Platelet-rich plasma reduces postoperative blood loss after cardiopulmonary bypass

AJ DelRossi, AC Cernaianu, RA Vertrees, CJ Wacker, SJ Fuller, JH Cilley Jr and WA Baldino
Department of Surgery, Cooper Hospital/University Medical Center, Camden, NJ 08103.

To study the effect of plasma sequestration and reinfusion of platelet- rich plasma on blood loss after cardiopulmonary bypass, 18 patients undergoing heart operations were randomly selected either to have collected or not to have collected approximately 250 ml of platelet- rich plasma before initiating cardiopulmonary bypass with the use of the Haemonetics Plasma Saving System (Haemonetics Corporation, Braintree, Mass.). All patients had standardized anesthesia and cardiopulmonary bypass.
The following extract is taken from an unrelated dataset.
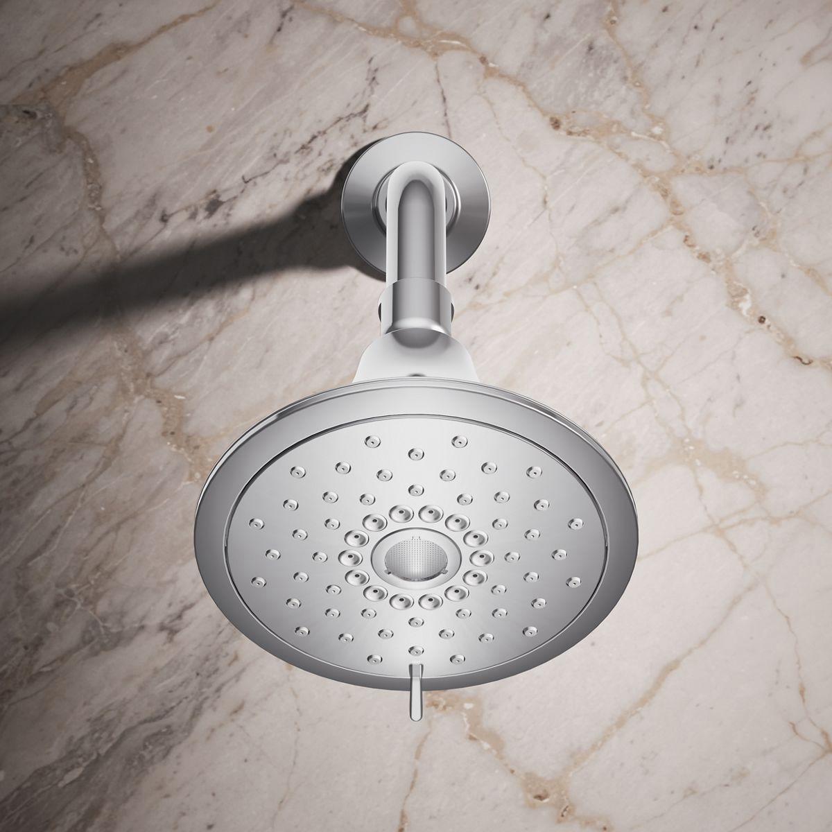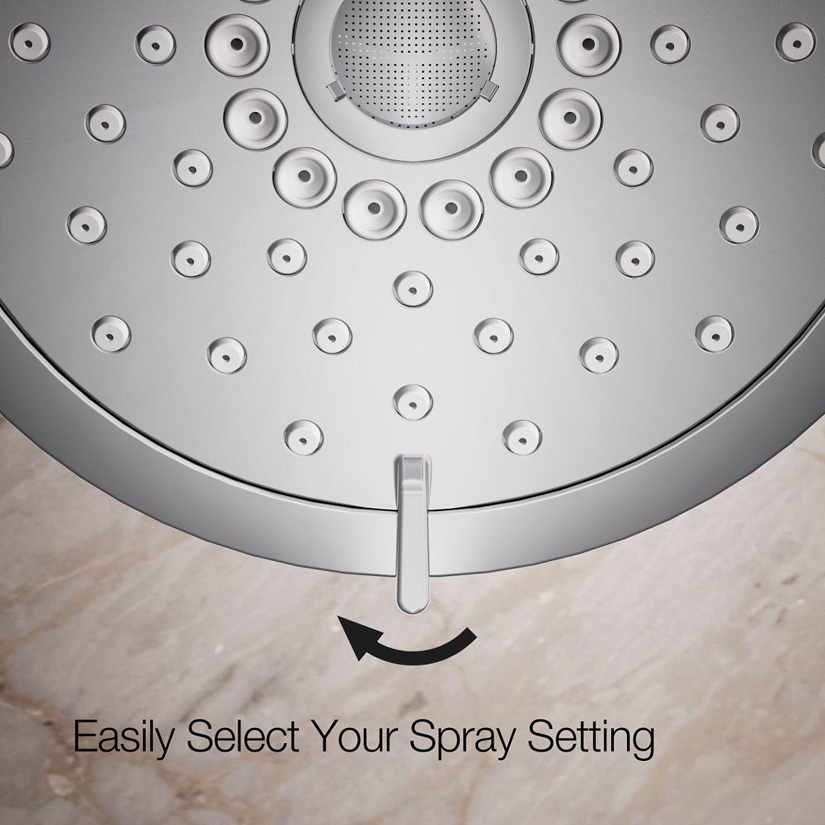 - Multifunction showerhead and handshower each have advanced spray engines to provide three experiences: full coverage, pulsating massage, and silk spray.

After reversal of heparin, autologous platelet- rich plasma was reinfused in nine patients. Thrombocyte counts, hemoglobin, and hematocrit were calculated before, during, and after cardiopulmonary bypass, and 24 and 48 hours postoperatively. Blood loss and total number of transfusions were recorded. Although 9% of the total platelet volume was removed, there were no hemodynamic complications related to the use of the Haemonetics Plasma Saving System. In both groups, significant low levels of thrombocytes, hemoglobin, and hematocrit were seen after cardiopulmonary bypass. Platelet-rich plasma-reinfused patients had a significantly higher number of platelets after heparin reversal. They also had significantly less blood loss after the operation, necessitating 65% less banked blood products (p less than 0.05). We concluded that reinfusion of autologous platelet-rich plasma may serve as an effective and safe way to restore some of the hematologic derangements after cardiopulmonary bypass.